Esta tarde cuando caminaba por la Isla vi a Lezama. Fue como una repentina iluminación. Cuando giré para hablarle ya no estaba. Desde su escapadizo rostro vislumbré a Narciso. Recordé sus palabras: “Narciso, Narciso. Las astas del ciervo asesinado / son peces, son llamas, son flautas, son dedos / mordisqueados”. Entonces supe una vez más que amó obsesivamente la belleza hasta verle sangrar la perfección de la “lengua alfilereada”. Amó también la Isla y su increíble tornasol de rojo tiburón nocturno. Hasta lo más hondo descendía para hablar de su giratorio deseo de la madre. “Deseoso es aquel que huye de su madre”. Dánae otra vez lo interrumpía “entre labios y vuelos desligados”. Todo es siempre nacimiento y luz, solía decir. Resurrección. Ahora otra vez recordaba a la madre, la comunión y la casa como extraños viandantes cotidianos poseídos por el misterio del paisaje. Entre ellos vivía. Puro trópico enredado en su deseo. Desde el sueño visitaba a carámbanos, caracoles, lebreles. Con dificultad respiratoria recorría la Isla. Allí lo vi aquella tarde, fugazmente. Luego supe que le habló al doctor Angélico para proponerle ser ilustre guía de las ballenas que van a morir a la costa entre antílopes y serpientes “de pasos evaporados”. Pero el doctor le dijo no, prefiero ser el padre de los tristes toronjiles.

Hoy vi de nuevo a Lezama cuando entraba por el zaguán de su casa. ¿A dónde va, Maestro?, le dije. Hacia Dánae voy —respondió—, hacia Narciso.

 

Ñángara

¿Quién era el niño maltratado? ¿Y quién era el que maltrataba al niño?
¿Una persona adulta? Y entonces, ¿qué persona era esta?…
Todas estas interrogantes recibían la misma respuesta: “No sé…, pegaban a un niño”.
Sigmund Freud

Pegan a un niño. No soy yo. Es el niño. Desde aquí se escucha. Lo castigan porque ama furiosamente a su madre. Porque quiere su seno, su piel, su calor, su cuerpo. Porque quiere volver al vientre, a ese lugar imantado por el deseo, donde estaba, bello refugio contra la miseria y el ansia. Por eso chilla. Porque no entienden que tiene hambre y tiene que chillar.
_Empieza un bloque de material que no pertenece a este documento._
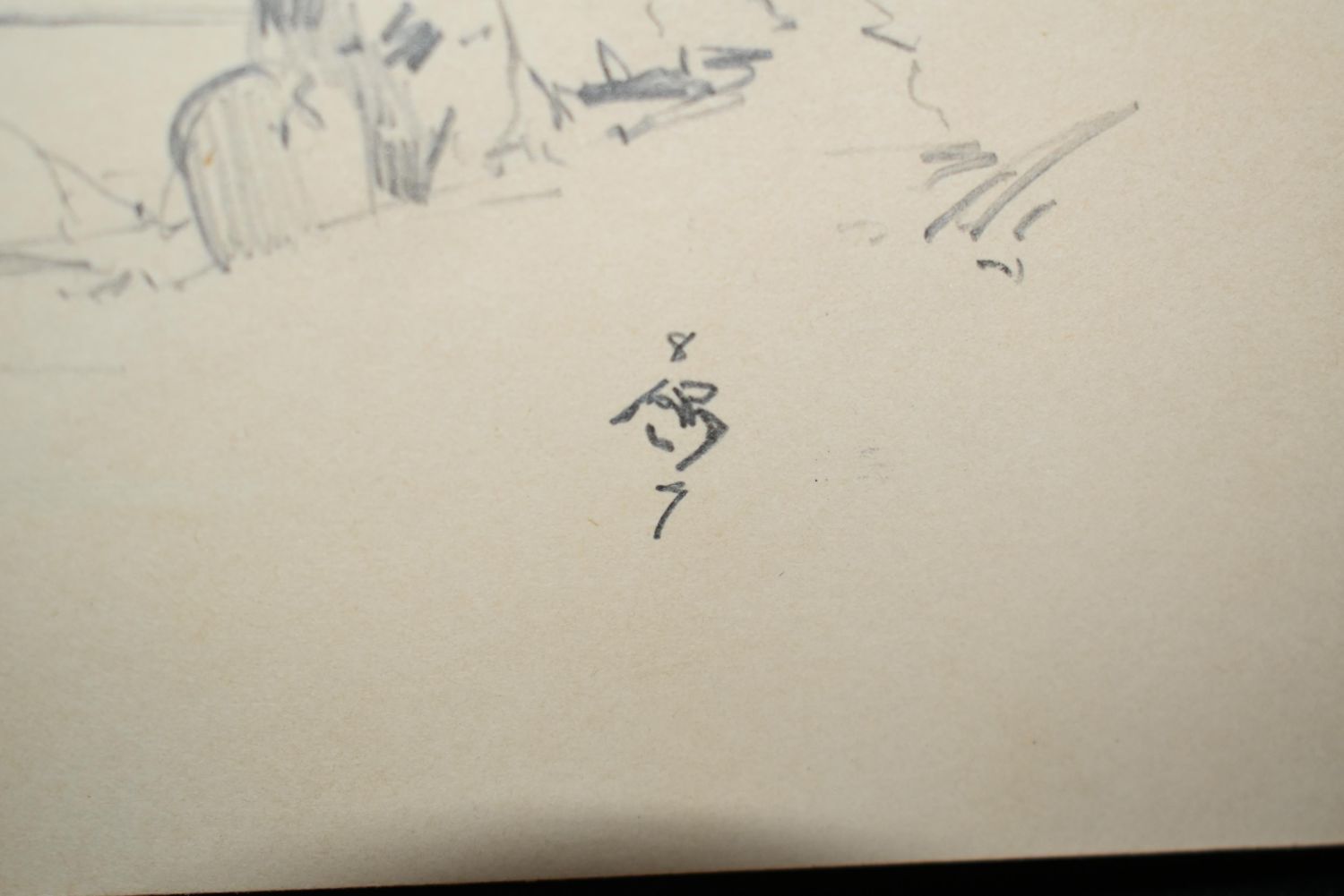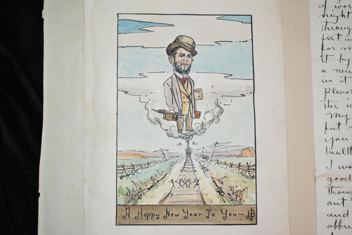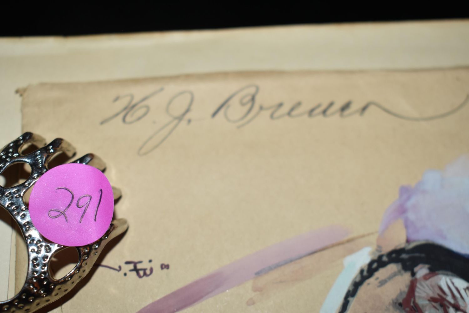 Early HENRY JOSEPH BREUER Painting 1887. Henry Joseph Breuer (Famous artist from San Francisco, California 1860-1932) Water color on canvas Utah Scenery 9 1/2 in. by 5 1/2 in. Signed "H.J.B 1887." H. J. Breuer was a close friend to the Lady he painted this for. The envelope although tattered from time is a work of art itself. The painting is in good shape from being in the envelope doing its life with exception of some smudging on the ends from being taken out of its envelope over time. On the back of the giant album page which was removed from the old photo book is an 1881 Happy New Year Card made by Henry Breuer. Not sure if the photo is him or not. The pencil sketching is by another artist that I could not identify but is included as it was glued to the page with the other works.

Y otra vez lo vuelven a castigar porque ahora habla y dice madre padre perro chulo puto, porque ahora roba lo que no le dieron, porque es pecado no comer como Dios manda, no vestir decentemente, fornicar, desear a la mujer de su vecino, tan bellos sus senos, su piel, su boca, su cuerpo y por eso le dice calladamente tú eres mi obsesión, mi mejor fantasía, no me importa tanto castigo y tanto pecado y tanta policía, no me importa que otra vez me peguen, la cárcel, la insolencia, solamente quiero amarte de nuevo como si fuera el primer día cuando nací otra vez sobre tu seno y recordé que chillaba para que no me dejaran allí tan solo, como si fuera un residuo, un ñángara, un desperdicio el mismo acusado de siempre, el mismo maldito expulsado de todos los días.

 

Litoral

Con alguien que no existe discuto. Siempre discuto sobre la improbable frontera de estos días en la que pocos amigos persisten. Ningún rostro se asoma por el litoral, ningún nombre, ninguna bandera, sólo gestos de un enigmático pasajero apoyándose en su pequeño paraguas. De pronto algo gira en la mañana como un iluminado mástil invisible que golpea sobre la nostalgia y me convierte en un extraño sobreviviente de la vigilia. ¿Avanzo? No sé si avanzo entre mis antepasados o toco la luz de los maravedíes. No sé si despierto o regreso. A veces amanece lluvia sobre las tapias. Entonces este viaje este recuerdo de barco encallado en su salitre es nube es viento es sólo aire de playa entre girasoles.